El problema de fondo es que nadie asume la responsabilidad del control en los estadios. Por lo de Boca esta semana, Gobierno y club se tiran la pelota. Es cierto que siempre podrá haber algún loco suelto haciendo barbaridades. Pero el salvajismo en nuestros estadios de fútbol está lejos de ser un problema de algún brote ocasional. En muchos lugares del mundo el problema existía y en magnitudes no menores, y lo resolvieron. A las barras bravas y a los violentos no se les pone límites porque son útiles a dirigencias de las entidades deportivas y de la política.
La entrada a los estadios debería estar sujeta a reglas razonables y a controles estrictos. De hecho, hay normas; pero es evidente que no funcionan. Cualquier loco suelto se vería limitado si estuviera rodeado de un clima que no alimenta su bestialidad. En gran medida, el problema no es el loco sino quienes lo rodean.
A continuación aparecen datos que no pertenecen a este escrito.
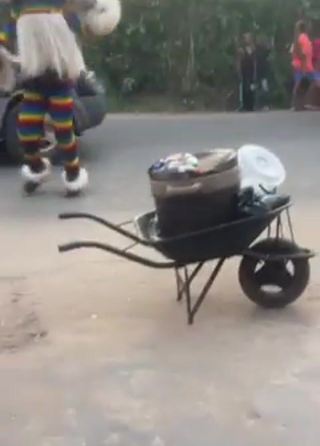 person in a colorful costume, perhaps a masquerade or traditional dancer, performing on a street. The costume includes a white, shaggy headpiece, striped legs, and platform shoes. A wheelbarrow filled with various items, including a large pot, a grill, and a white bucket, sits on the side of the road in the foreground. Several other people are present, some watching the performance and others walking by. A dark SUV is parked nearby. The setting appears to be a village or rural area, with trees visible in the background. The overall atmosphere seems festive.
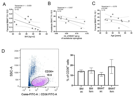 After observing site-specific differences in the adipose tissue of patients undergoing hip arthroplasty, we estimated correlations between FAs and the demographic data of patients and other parameters. Palmitic and oleic acids were shown to be most present FAs in BMAT ac, BMAT fem, and gfSAT. Our results showed a decrease in essential FAs, although there was a minor amount of pentadecanoic acid (Figure 3A) in BMAT fem related to BMI. The presence of palmitic acid 16:0 in BMAT ac decreased with BMAT content at this skeletal site (Figure 3B). In addition, the frequency of 18:1n-9 (oleic acid) in BMAT fem declined with age of patients (Figure 3C). CD36 is a high-affinity receptor for long-chain FAs that has been shown to facilitate net FA uptake into human adipocytes and regulate lipid metabolism []. As we observed different patterns of triglycerides and FAs in BMAT and gfSAT, we assumed that the expression of CD36 might be associated with shown differences. However, we could not find significant differences in CD36 expression in cells within BM and BMAT (Figure 3D).
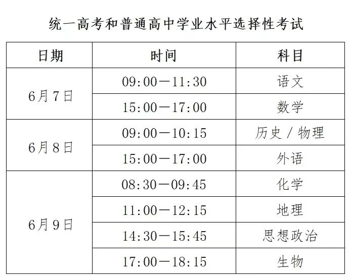 最新!2024年河北高考时间安排→

Y nada avala el argumento de que excluir a los violentos enfriaría el fervor de las hinchadas, que es parte del espectáculo; no
conozco el barómetro de fervor para comparar lo que sucede entre nosotros y, por tomar un caso, en Inglaterra –donde el contraste entre lo que era y lo que es el clima del fútbol es enorme–. En Londres los estadios están igualmente llenos, todos los espectadores sentados, sin hooligans ni salvajes desaforados en las tribunas, y el clima de entusiasmo por las camisetas es suficiente para que el espectáculo sea genuinamente “fútbol” –un fenómeno complejo que sucede dentro del campo de juego, en las tribunas que lo rodean y entre los miles de personas que lo siguen por TV–.
El análisis de las soluciones es materia de especialistas y técnicos. Pero señalar el problema de fondo compete a todos, y muy especialmente a quienes vivimos la pasión del fútbol y sufrimos su continua y minuciosa destrucción. El jueves en Boca se malogró un partido, se puso en riesgo la integridad física de los jugadores de River, se hicieron trizas los esfuerzos de todos los jugadores y sus entrenadores, se perturbó seriamente el desarrollo de la Copa Libertadores, se dio otro paso en la dirección de destruir esto que en algún momento del siglo XIX dio en llamarse “football association” –que, por lo demás, arraigó notablemente en nuestro país–.
Los argentinos somos bastante maleducados, anómicos, incumplidores, fanáticos y violentos. Los protagonistas del fútbol no se destacan por estar encima del promedio. Pero la vida en nuestra sociedad es suficientemente llevadera y agradable en parte porque, en el balance, el lado amigable, convivencial, civilizado y tolerante de millones de personas prevalece. Y eso debería suceder también en el fútbol. Sin duda los jugadores, los árbitros y los dirigentes del partido del jueves en Boca no han calificado para un premio al buen comportamiento. Pero no les echemos la culpa a ellos; el problema de fondo estuvo en la tribuna donde unos inadaptados irresponsables demostraron que su potencialidad destructiva no tiene límites porque nadie se los pone.
*Sociólogo.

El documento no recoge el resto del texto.